Sorry if this is off-topic but I think it’s adjacent since many LlaMA users are also using it.

I’m trying to use the Coqui TTS library with a view to plugging it into LLaMA.cpp but for some reason no matter which model I try my attempts at using British English source speech just ends up with an American sounding voice with various distortions. I’m running the Python module as instructed in the docs under macOS on the M1 platform, I’ve tried various models all with similar results.

Nothing at all against American accents but they’re not what I require at the moment so any help in making Coqui sound like a little more RP would be much appreciated!

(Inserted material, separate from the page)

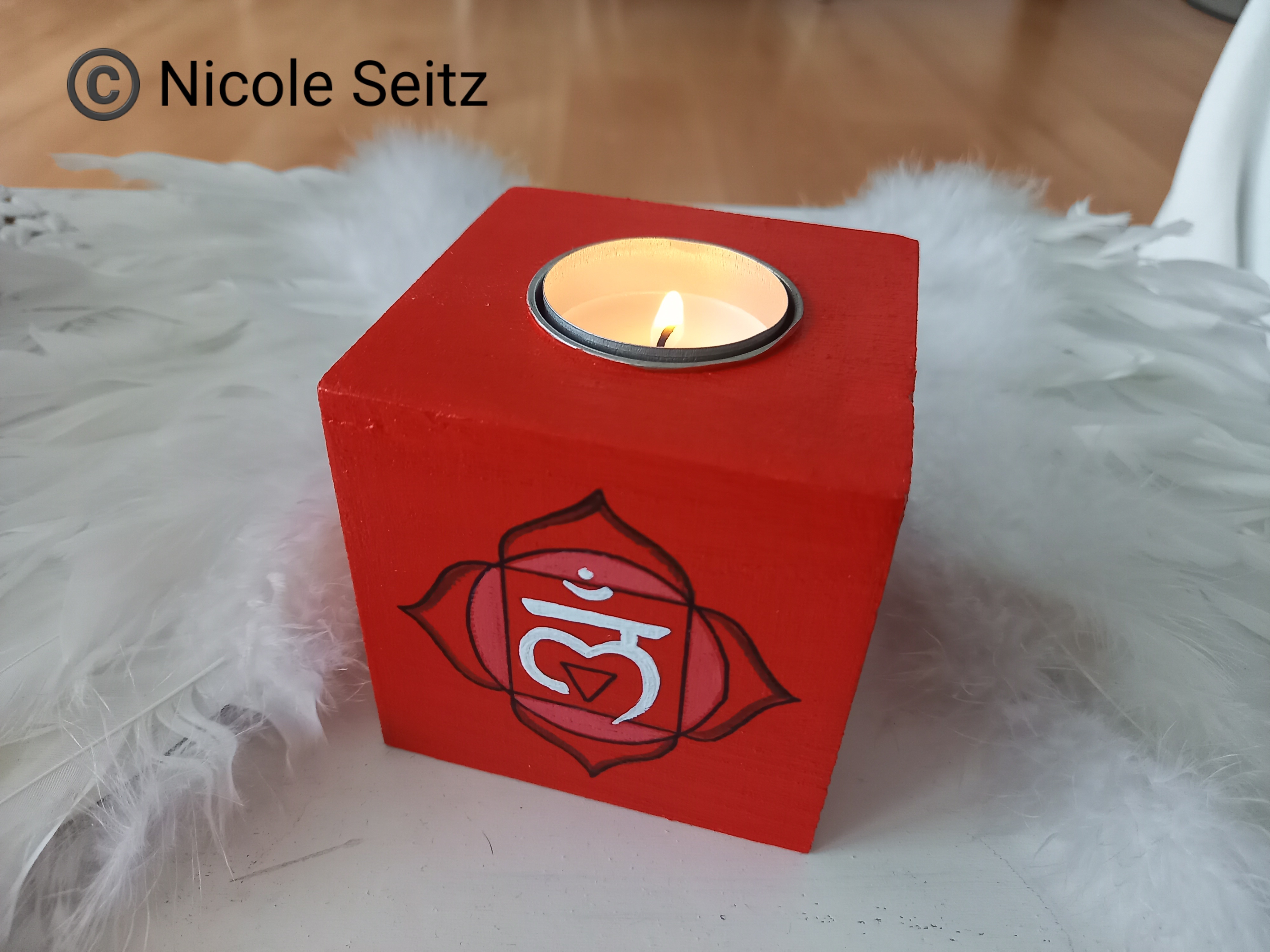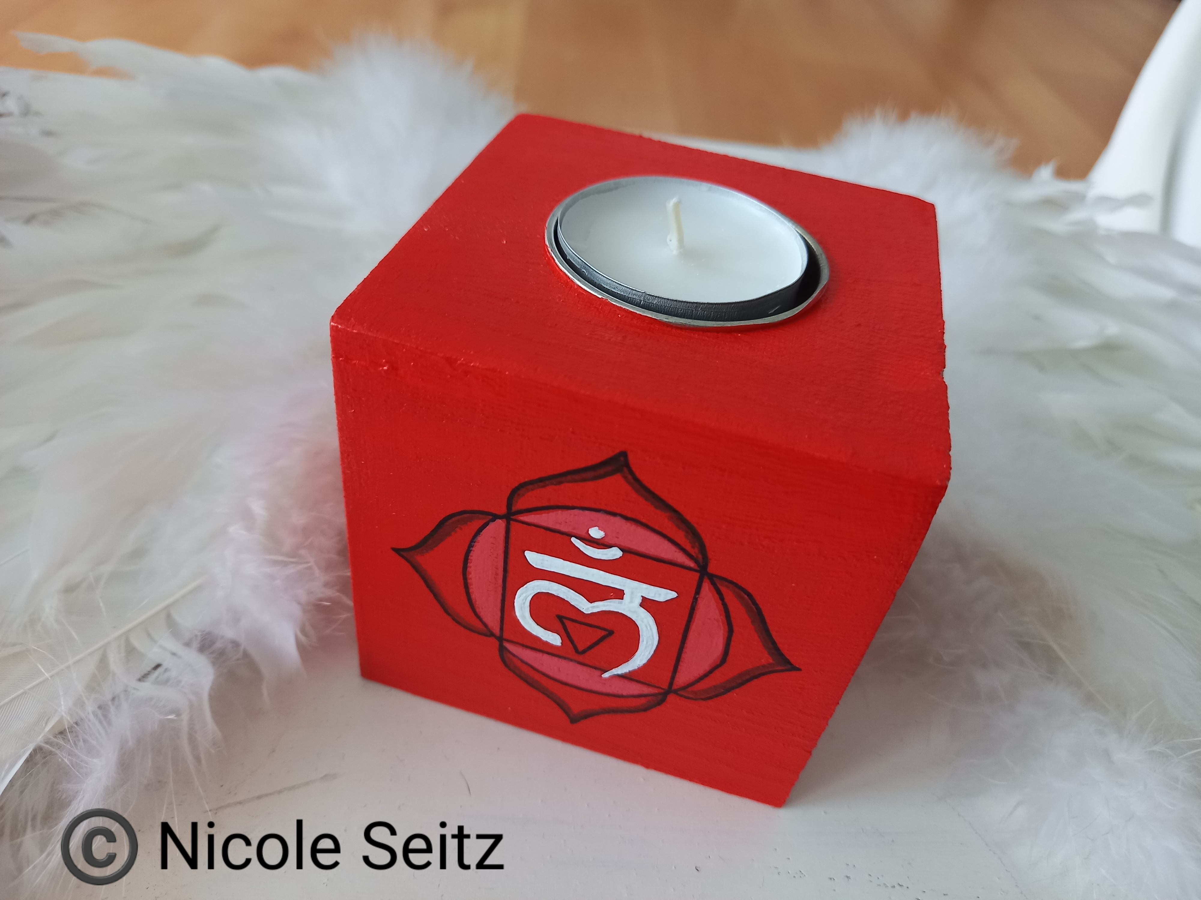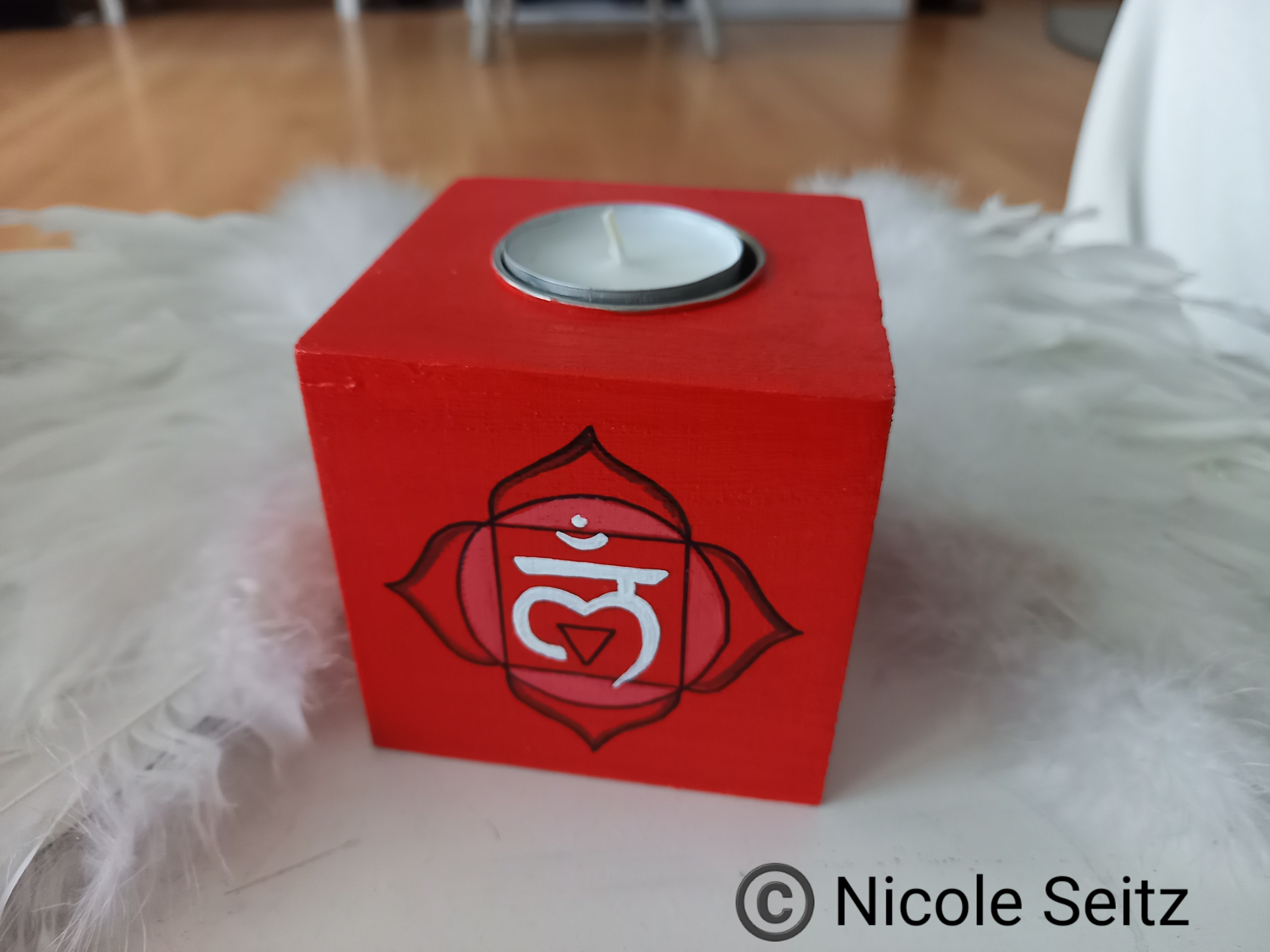 Wurzelchakra * Licht * handbemalt mit Symbol * Holz

  • a_beautiful_rhind@alien.topB
    link
    fedilink
    English
    arrow-up
    1
    ·
    1 year ago

    I have the opposite problem with other TTS where there are only UK accents and those don’t work for clearly US characters.

  • Material1276@alien.topB
    link
    fedilink
    English
    arrow-up
    1
    ·
    1 year ago

    I was struggling at first and had that American twang coming through…

    But I managed to get a very clear, short clip of an English actor from an interview. There was no background noises, it was very clear. I made sure to clip out any non speech from the start or end of the audio, then saved it as a 22050HZ mono 16bit wav.

    That seems to have done it! I get a pretty good representation of the voice and it 99% seems to stay in character with the occasional slight slip.

    I also occasionally get a little gibberish, which seems to be when my model is trying to say somehthing like " ’ " (which occasionally slips through when its generating text and I look at the backend of whats being sent for audio processing). Im guessing its possible to filter this out with a regex or something.